What you are asked to do → Would you repeat the whole listing exactly, pictures excluded?

Data extract →
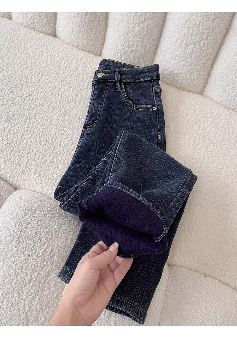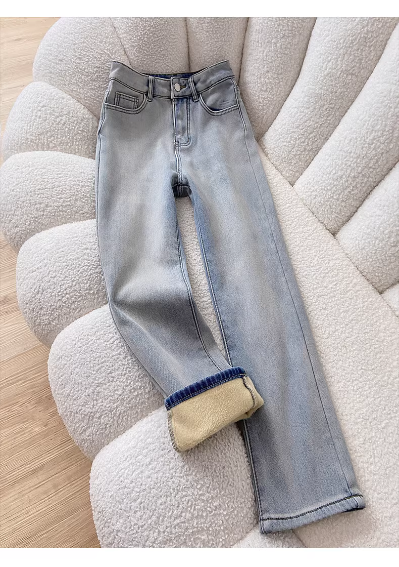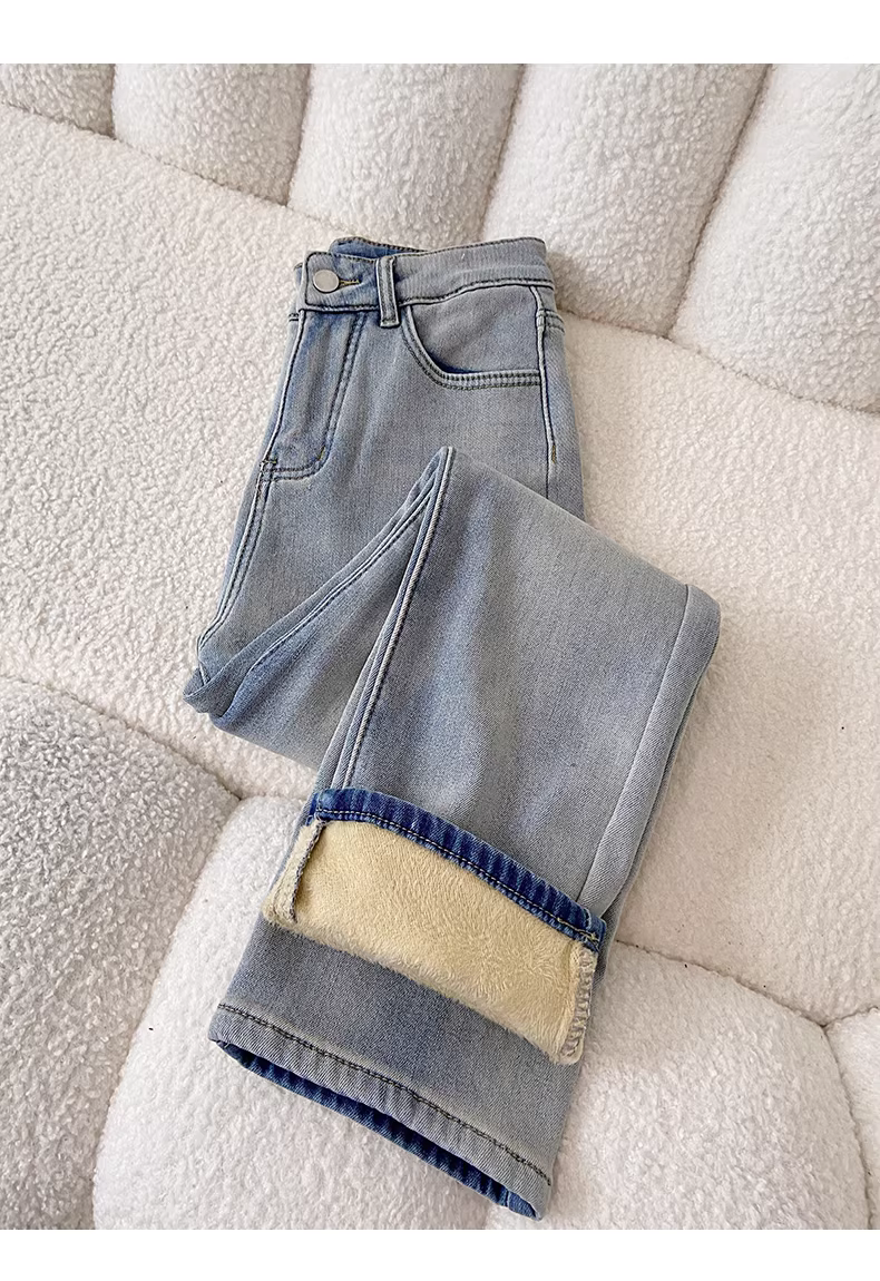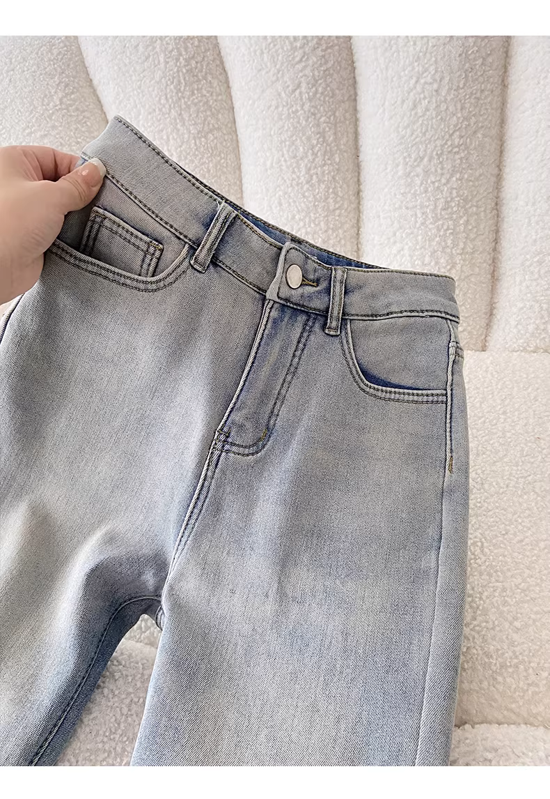 - Quần jeans dày lót lông màu sáng La Chapelle dành cho nữ, kiểu dáng ôm sát, dài 9 phần, kiểu dáng thuốc lá, mới thu đông 2025
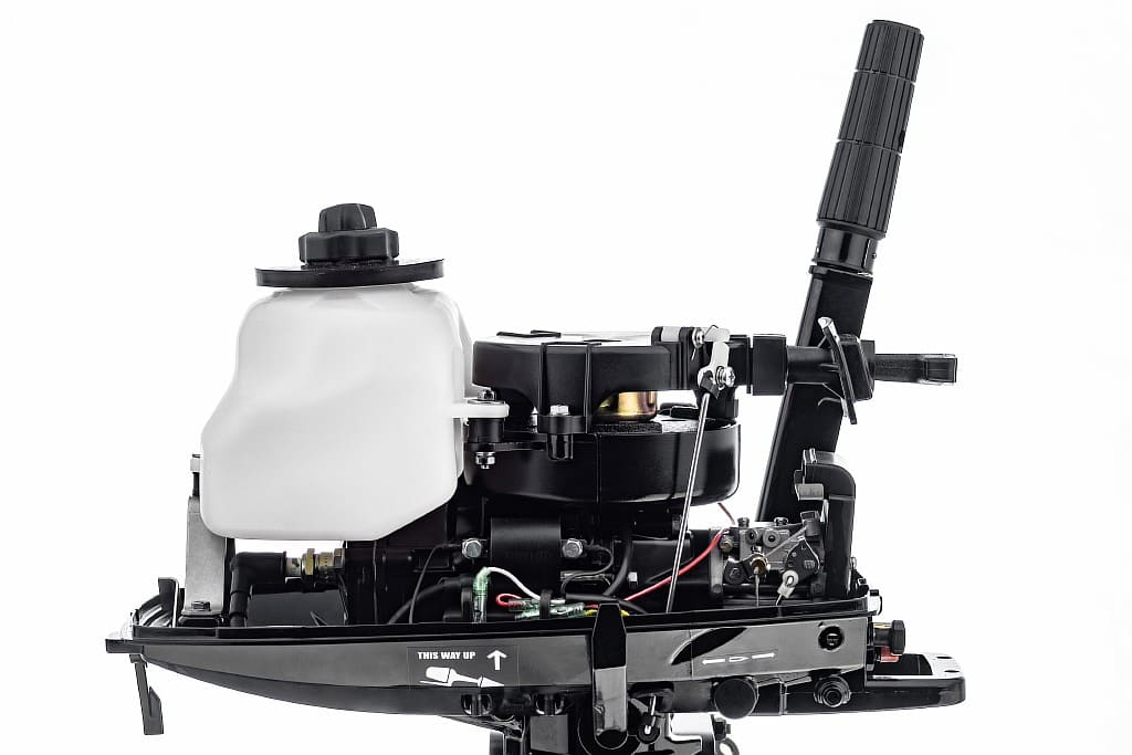 Для облегчения запуска холодного двигателя в конструкции карбюратора предусмотрена воздушная заслонка, с регулировкой на корпусе. А для контроля работы системы охлаждения на моторе установлена специальная форсунка. Мотор Marine Rocket MR5FHS запускается ручным стартером, а управляется стандартным румпелем с поворотной ручкой газа (гашеткой мотоциклетного типа) с анти-проскальзывающими насечками.
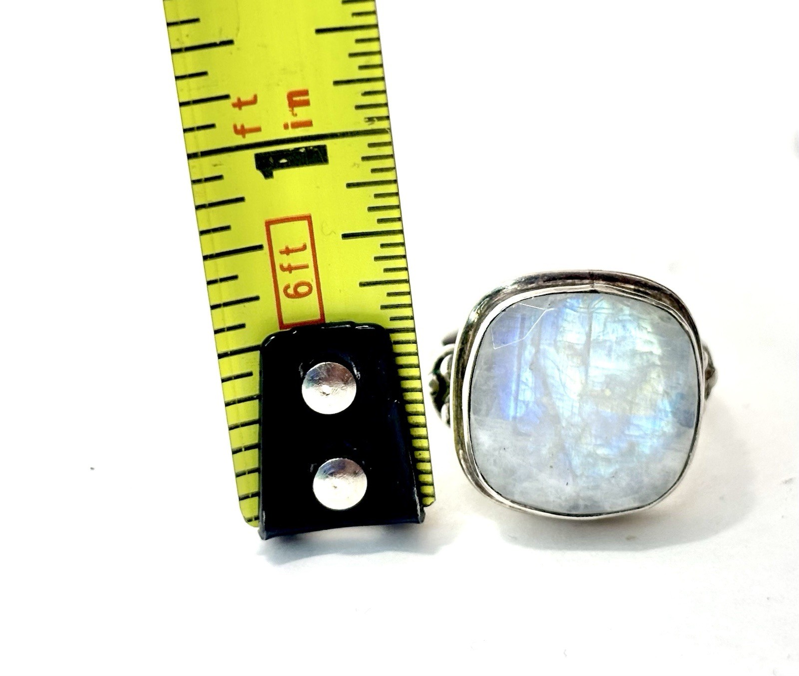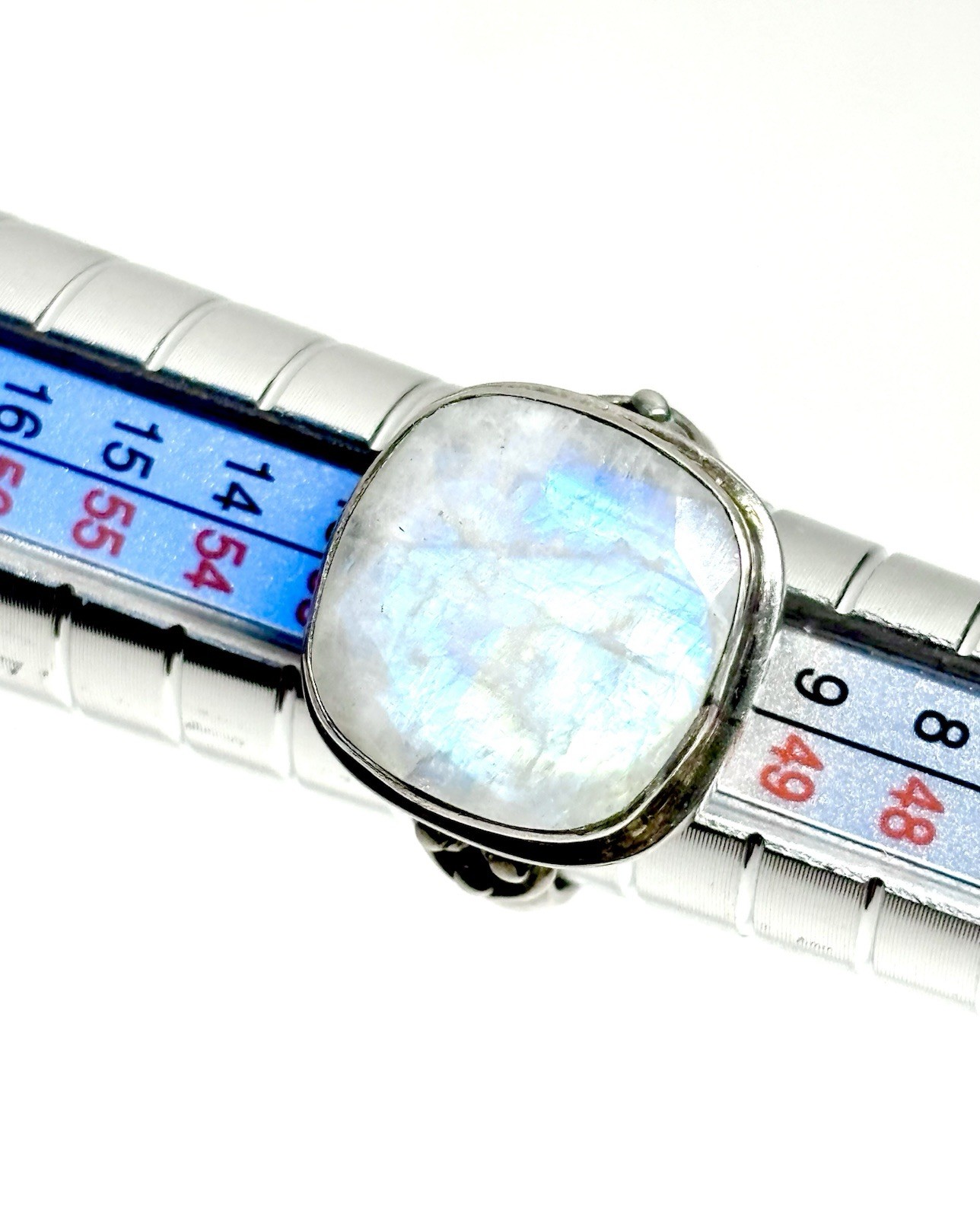 как выглядит Natural Rainbow Moonstone Ring 925 Sterling Silver Boho Raw Statement Sz 6 фото

Output below →
 - Quần jeans dày lót lông màu sáng La Chapelle dành cho nữ, kiểu dáng ôm sát, dài 9 phần, kiểu dáng thuốc lá, mới thu đông 2025
 Для облегчения запуска холодного двигателя в конструкции карбюратора предусмотрена воздушная заслонка, с регулировкой на корпусе. А для контроля работы системы охлаждения на моторе установлена специальная форсунка. Мотор Marine Rocket MR5FHS запускается ручным стартером, а управляется стандартным румпелем с поворотной ручкой газа (гашеткой мотоциклетного типа) с анти-проскальзывающими насечками.
 как выглядит Natural Rainbow Moonstone Ring 925 Sterling Silver Boho Raw Statement Sz 6 фото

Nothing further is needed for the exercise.